The three-minute short shows the cutting of a kaki fruit in close-up after it has been unwrapped from its Chinese packaging. In the background, two voices discuss cruelty to animals. There is no complicated technology, no political discussion, but the message is clear: "Sit back, relax and enjoy the massacre in front of your eyes," says Tintin in the introduction to her film.
But the director who dared to take such a cynical look at the awful happenings five years ago -- herself of Chinese origin -- does not want to be perceived as politically motivated.
"I don't really want to make political statements; ultimately, I also don't know the one and only proper way," Tintin said. "I'm rather interested in human and social impacts."
Tintin's most successful film so far is Ketok (Knock), produced in 2002. The short documentary tells the story of her parents' experience with a mysterious knocking, when they moved into a new house. Using very simple methods, including crayon drawings, shadows and photo collages, the filmmaker continues in the tradition of story-telling without resorting to high-tech tricks.
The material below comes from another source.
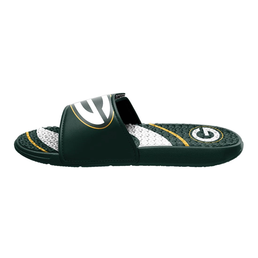 Let their Packers team spirit shine with this gel slide from Forever Collectibles. Slip-on style slide with open-toe design has all-over team colored design with printed team logo on straps. Textured outsole provides non-slip grip, and gel overlay on footbed makes every step feel like a win.
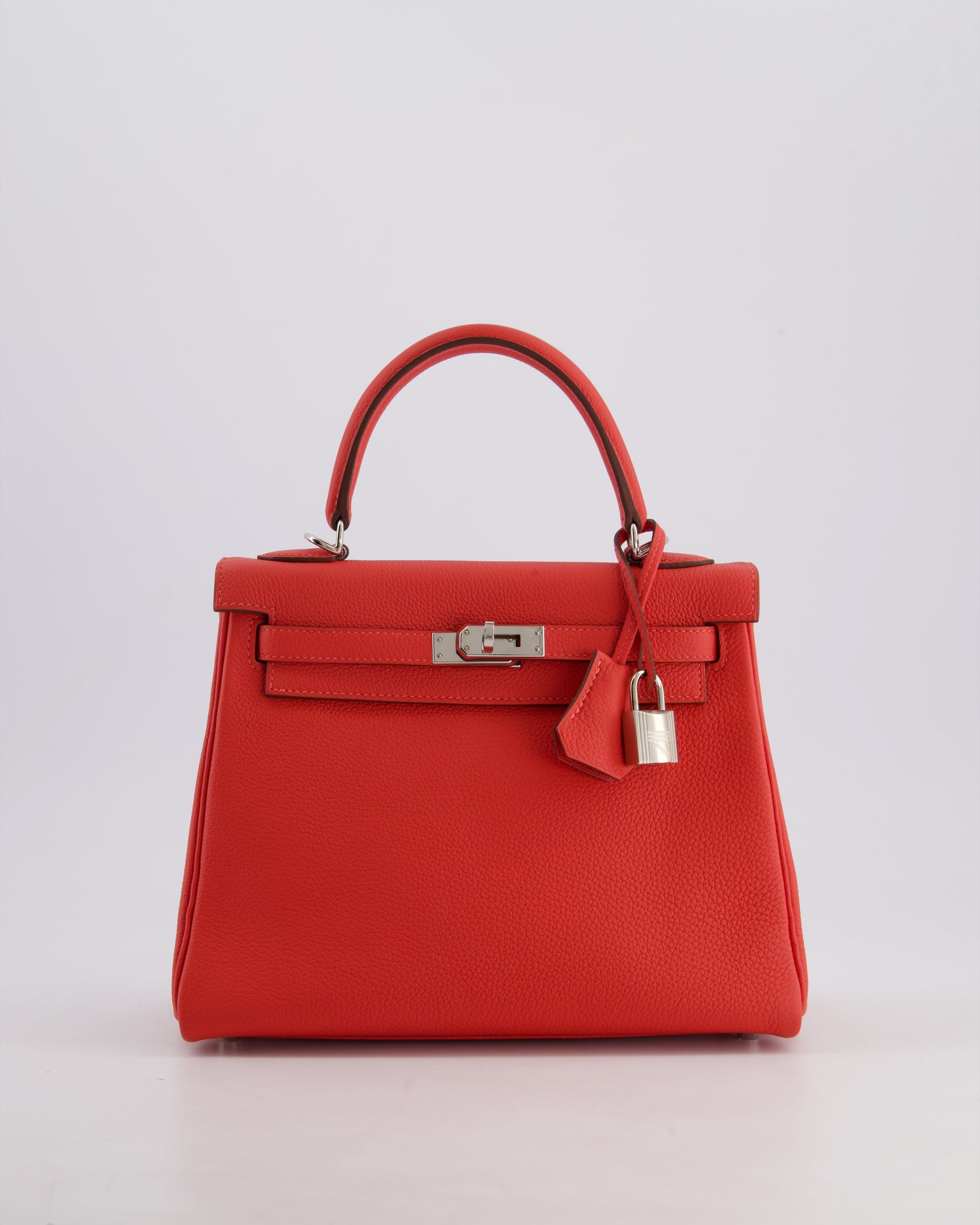 Hermès Kelly Bag 25cm Retourne in Rouge Vif Clemence Leather with Palladium Hardware

It is a piece of work being honored at several events: Ketok was the best film at the FFVII 2002, was nominated for the Silver Screen Award at Singapore and received a special mention at the International Short Film Festival Hamburg 2003.
Tintin's parents, whose voices are used in the film, were really surprised at its success: They have never really understood their daughter's engagement, in which she even shoots or edits films while relaxing. Nevertheless, they have never hindered her -- quite the opposite -- they even supported her in building a film community at the parental music school in Denpasar in 2001.
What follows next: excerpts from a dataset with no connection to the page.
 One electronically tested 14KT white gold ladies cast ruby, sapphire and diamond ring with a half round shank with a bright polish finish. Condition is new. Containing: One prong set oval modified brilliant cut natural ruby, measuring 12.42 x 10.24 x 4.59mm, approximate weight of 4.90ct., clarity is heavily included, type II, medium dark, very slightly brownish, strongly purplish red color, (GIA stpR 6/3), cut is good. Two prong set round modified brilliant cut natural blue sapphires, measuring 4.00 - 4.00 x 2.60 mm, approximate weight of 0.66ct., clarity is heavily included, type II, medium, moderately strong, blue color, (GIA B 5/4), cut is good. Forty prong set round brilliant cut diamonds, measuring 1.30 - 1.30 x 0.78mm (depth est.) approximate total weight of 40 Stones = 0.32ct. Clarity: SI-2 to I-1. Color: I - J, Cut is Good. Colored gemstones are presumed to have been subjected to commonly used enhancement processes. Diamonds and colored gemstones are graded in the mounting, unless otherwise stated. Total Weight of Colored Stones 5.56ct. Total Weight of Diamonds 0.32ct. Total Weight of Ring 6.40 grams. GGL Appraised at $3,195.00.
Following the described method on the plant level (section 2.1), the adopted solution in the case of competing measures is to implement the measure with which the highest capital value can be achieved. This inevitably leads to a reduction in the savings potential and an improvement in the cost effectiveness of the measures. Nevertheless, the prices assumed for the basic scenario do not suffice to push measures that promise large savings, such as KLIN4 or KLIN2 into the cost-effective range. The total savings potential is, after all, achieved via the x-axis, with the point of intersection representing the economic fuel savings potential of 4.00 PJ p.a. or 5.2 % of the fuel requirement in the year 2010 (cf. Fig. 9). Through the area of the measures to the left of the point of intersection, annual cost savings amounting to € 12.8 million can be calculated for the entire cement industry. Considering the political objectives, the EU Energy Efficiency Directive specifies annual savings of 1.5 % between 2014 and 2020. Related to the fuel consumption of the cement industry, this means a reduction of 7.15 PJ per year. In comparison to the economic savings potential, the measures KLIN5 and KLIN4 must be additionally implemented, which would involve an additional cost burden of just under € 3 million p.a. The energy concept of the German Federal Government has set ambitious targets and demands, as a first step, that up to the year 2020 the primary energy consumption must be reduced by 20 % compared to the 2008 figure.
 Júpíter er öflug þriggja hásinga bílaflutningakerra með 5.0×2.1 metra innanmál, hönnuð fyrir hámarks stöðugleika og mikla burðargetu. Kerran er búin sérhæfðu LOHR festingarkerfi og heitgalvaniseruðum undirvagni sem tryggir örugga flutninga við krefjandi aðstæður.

So Minikino was born. Inspired by the repertory cinemas Tintin saw during a journey to Australia in 2001, twice a month it shows a selected short film program.
"We focus on short films, because they are more pithy and easier to discuss afterwards than full-length feature films," she said. "But our program could be extended by films that do not benefit from any other distribution."
Minikino, which started with a handful of friends from Bali, has already grown into a respectable network. After hosting some international films at Denpasar, the program is now also shown once a month at Oktagon gallery, Jakarta. Communities in Bandung and Yogyakarta are interested in becoming partners, as well as the QB bookshop chain.
Following the good response to her films at several festivals, and the extension of Minikino, Tintin has hardly any private time left anymore. "Sometimes I wish I had a more settled life," she said, "but if I stay too long in one place, I get itchy feet and want to move on again."
She will have the chance to move a lot in the near future, having been invited by film festivals in Australia, France, Taiwan and the U.S.
"I would like to seize the opportunity offered by these invitations and intensify my intercultural work. I dreamed before as a child of one unified world, where people from everywhere share mutual relations and live in peace with each other."
As a first step, the "children freak" wants to establish intercultural relations between the kids in Hamburg and Flores: With another animation workshop planned with pupils in Bajawa, she aims to continue the intercontinental story.
"Ideally, the Hamburg boy acquires a friend in Flores and travels to Darwin next September."